**TASK PROMPT:** Copy the listing exactly, please, and keep every picture out of it.

**GIVEN INFORMATION:**

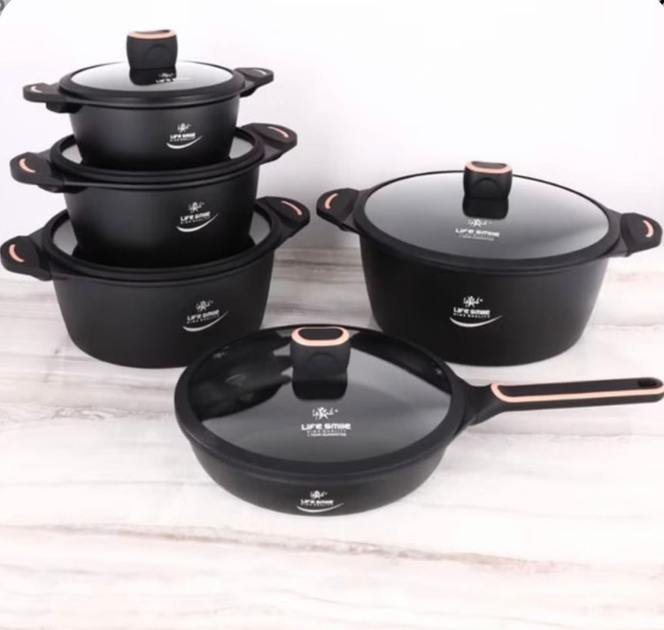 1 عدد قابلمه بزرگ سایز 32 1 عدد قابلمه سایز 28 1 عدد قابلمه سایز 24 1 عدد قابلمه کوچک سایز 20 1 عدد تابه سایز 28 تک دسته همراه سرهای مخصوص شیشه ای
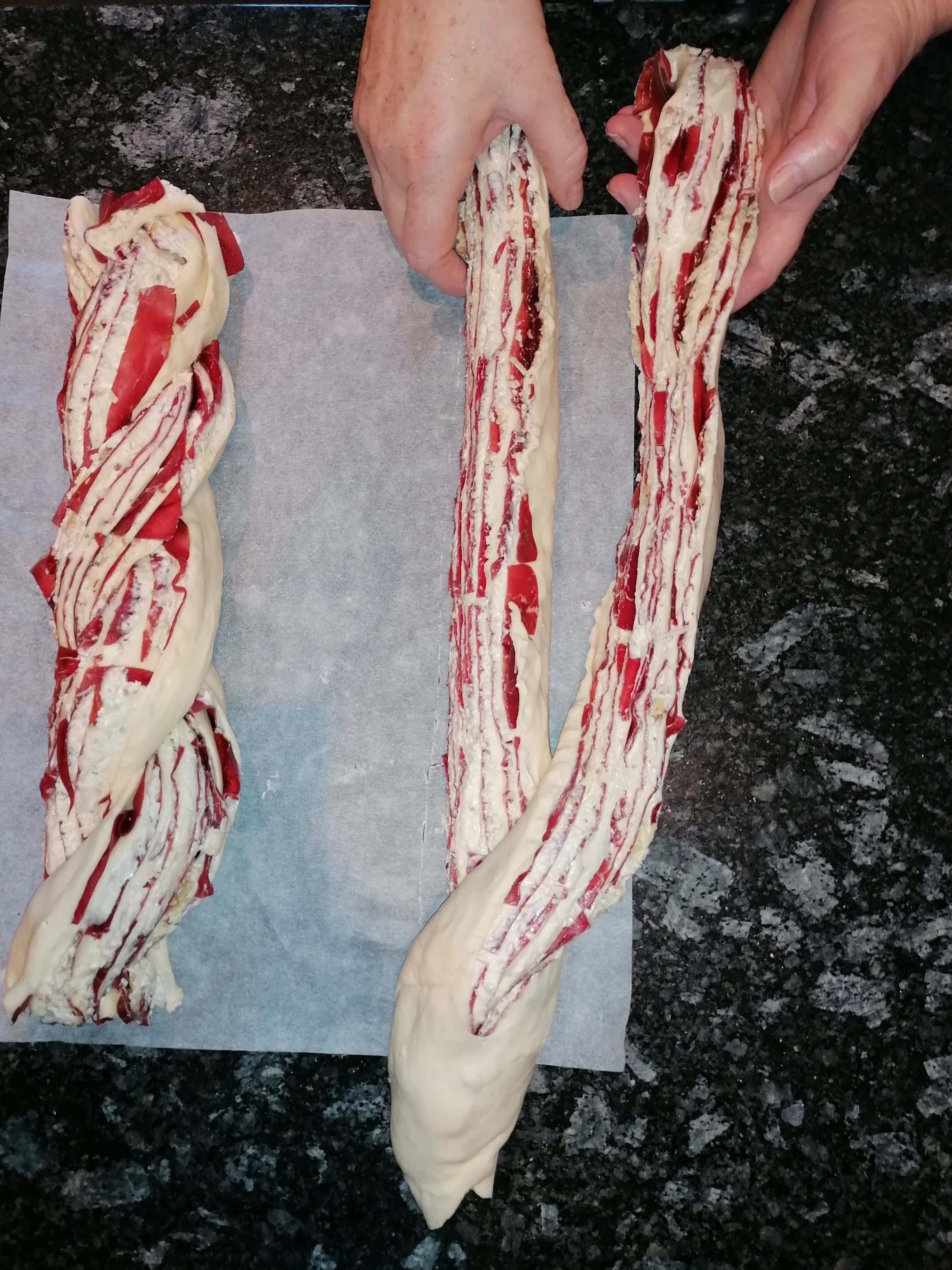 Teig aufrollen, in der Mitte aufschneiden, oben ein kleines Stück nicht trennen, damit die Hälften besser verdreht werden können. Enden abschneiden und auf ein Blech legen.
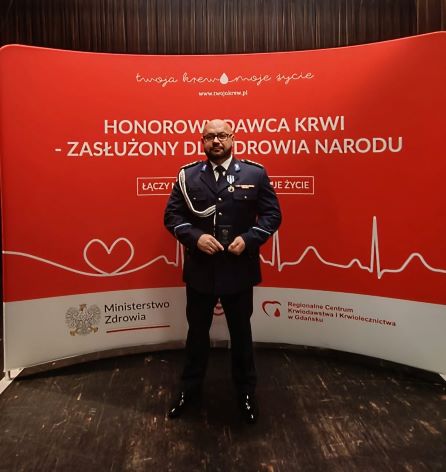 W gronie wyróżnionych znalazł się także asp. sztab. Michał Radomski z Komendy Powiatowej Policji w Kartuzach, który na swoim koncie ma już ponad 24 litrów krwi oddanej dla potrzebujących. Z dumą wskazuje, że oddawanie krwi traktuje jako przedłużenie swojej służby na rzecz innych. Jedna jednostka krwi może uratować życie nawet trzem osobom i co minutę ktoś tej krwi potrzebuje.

**ANSWER BELOW:**
 1 عدد قابلمه بزرگ سایز 32 1 عدد قابلمه سایز 28 1 عدد قابلمه سایز 24 1 عدد قابلمه کوچک سایز 20 1 عدد تابه سایز 28 تک دسته همراه سرهای مخصوص شیشه ای
 Teig aufrollen, in der Mitte aufschneiden, oben ein kleines Stück nicht trennen, damit die Hälften besser verdreht werden können. Enden abschneiden und auf ein Blech legen.
 W gronie wyróżnionych znalazł się także asp. sztab. Michał Radomski z Komendy Powiatowej Policji w Kartuzach, który na swoim koncie ma już ponad 24 litrów krwi oddanej dla potrzebujących. Z dumą wskazuje, że oddawanie krwi traktuje jako przedłużenie swojej służby na rzecz innych. Jedna jednostka krwi może uratować życie nawet trzem osobom i co minutę ktoś tej krwi potrzebuje.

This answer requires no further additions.